- Genre: Espionage Drama
- Created by: Frederick Forsyth
- Written by: Murray Smith
- Directed by: Tom Clegg Lawrence Gordon Clark Ian Sharp James Cellan Jones
- Starring: Alan Howard
- Music by: Paul Chihara
- Country of origin: United Kingdom
- Original language: English
- No. of episodes: 6

Production
- Executive producers: Nick Elliott Frederick Forsyth Murray Smith
- Producer: Frederick Muller
- Production locations: Middle East, North Africa, Europe, West Indies
- Running time: 98 – 103 minutes
- Production company: LWT Productions in association with IFS Productions Ltd.

Original release
- Network: ITV
- Release: 2 December 1989 – 8 December 1990

Related
- The Deceiver (1991), a related book which followed production

= Frederick Forsyth Presents =

Frederick Forsyth Presents is a series of British made-for-television films made by FremantleMedia for LWT on ITV, first broadcast between 2 December 1989 and 8 December 1990.

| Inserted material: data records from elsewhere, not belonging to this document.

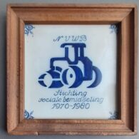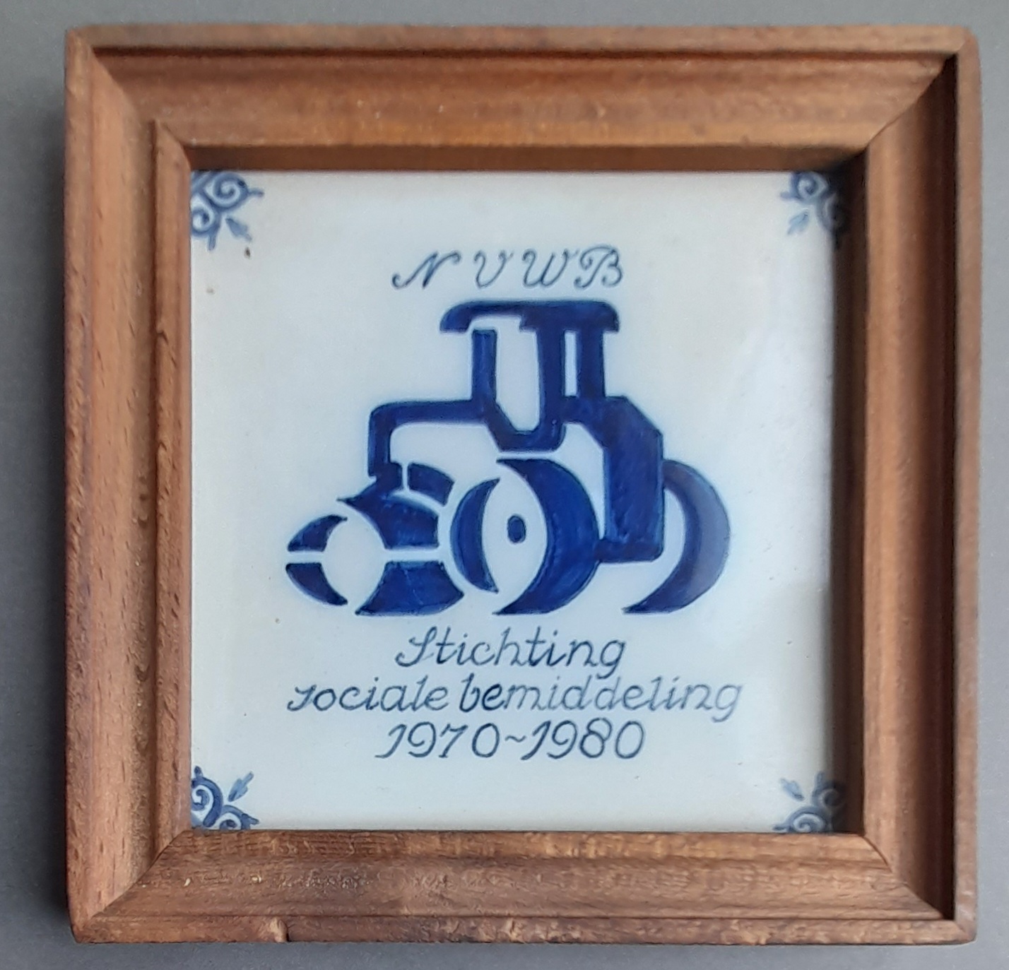 Hierbij een tegel van Makkumer aardewerk: Stichting speciale bemiddeling 1970-1980 in eikenhouten lijst.
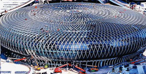 进入市场板块,一个银色巨型圆球建筑以其充满科幻感的造型,吸引人们的注意。据商城集团工作人员介绍,“数贸港”作为全球数贸中心的地标建筑已初具规模。它围绕新品发布、数贸展示、数据交易三大功能定位进行建设,是未来贸易的集聚地和大行业模型的策源地,而这也只是整个市场数字化图景的一个起点。
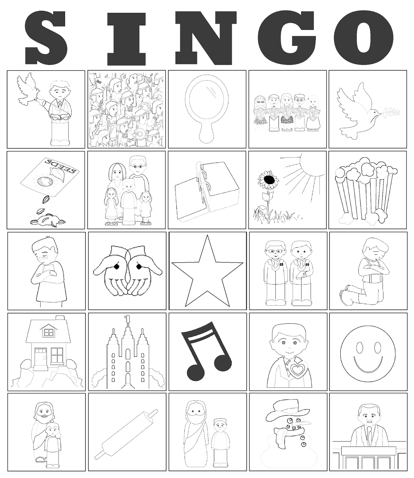 6. If you have a large primary, or if you don’t have much time, you can have each class create a SINGO card. Or, you can create one card for the entire primary and play together!
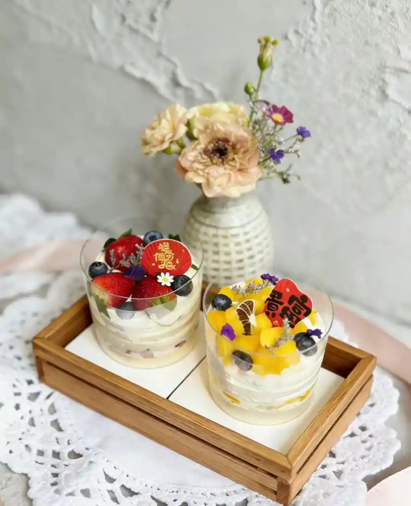 Es un pastel dulce hecho de harina, huevos, leche y azúcar. Hay crema, galletas, frutas y decoraciones florales en la superficie (las personas con las alergias alimentarias anteriores no deberían comprarlas. Las flores son solo decorativas y no deben comerse).La fruta de la imagen se ajustará de acuerdo con la fruta fresca del día.

Based on stories which were later published as the Forsyth novel The Deceiver, there are six films, most with the themes of espionage and war. The character Sam McCready appears in all six films, he is played by Alan Howard. The character is Secret Intelligence Service agent who has become an author but continues to work on SIS operations. He plays the lead in most of the films, but in A Little Piece of Sunshine he was in a supporting role. Each of the stories are introduced on screen by Frederick Forsyth.

==Outline==
Sam McCready is an experienced SIS field agent who believes in his way of doing things, which is no longer welcome in some quarters. Set in areas of international tension around the world, including the Middle East, Berlin, and the West Indies, the films highlight a division in British espionage and government between those who favour a subservient British relationship with the American Central Intelligence Agency and those, including McCready, who want to see more independence of thought and action. There is also a tension between the protagonists of Signals intelligence, or Sigint, intelligence from electronic interception and satellite observation, and Human intelligence, or Humint, intelligence from agents in the field. The series mocks the subservient camp and those who are over-awed by technology, as well as more gently finding fault with the CIA.

==Production==
In 1988 Frederick Forsyth secured a contract with London Weekend Television for six thrillers under the headline name of Frederick Forsyth Presents, with a book to be linked to the series, which came out in 1991 as The Deceiver.

The first three episodes were filmed, and the launch of the series was fixed for December 1989. In the run-up to that, the producers said they were hoping to attract eight million television viewers.

==Episodes==

| No. | Title | Directed by | Written by | Original release date |
| 1 | A Casualty of War | Tom Clegg | Murray Smith | 2 December 1989 |
Libya is preparing to ship arms to the Provisional IRA, and McCready sends Tom Rowse, a former SAS officer who is now a novelist, to Libya under the cover of researching a book. Rowse makes contact with the Libyan arms dealer and adds an order to the shipment. The SIS can then identify the cargo ship, and McCready enlists the help of the Special Boat Service to intercept it. Monica, a woman Rowse is strongly attracted to, proves to be mixed up with the gun-runners and is shot dead when the ship is boarded. Cast: Alan Howard as Sam McCready, David Threlfall as Tom Rowse, Amanda Burton as Nicola, Shelley Hack as Monica Browne, Clarke Peters as Grover T. Fleming, Tony Lo Bianco as Carlos the Jackal, Pamela Villoresi as Antonella, Gottfried John as Rodimstev.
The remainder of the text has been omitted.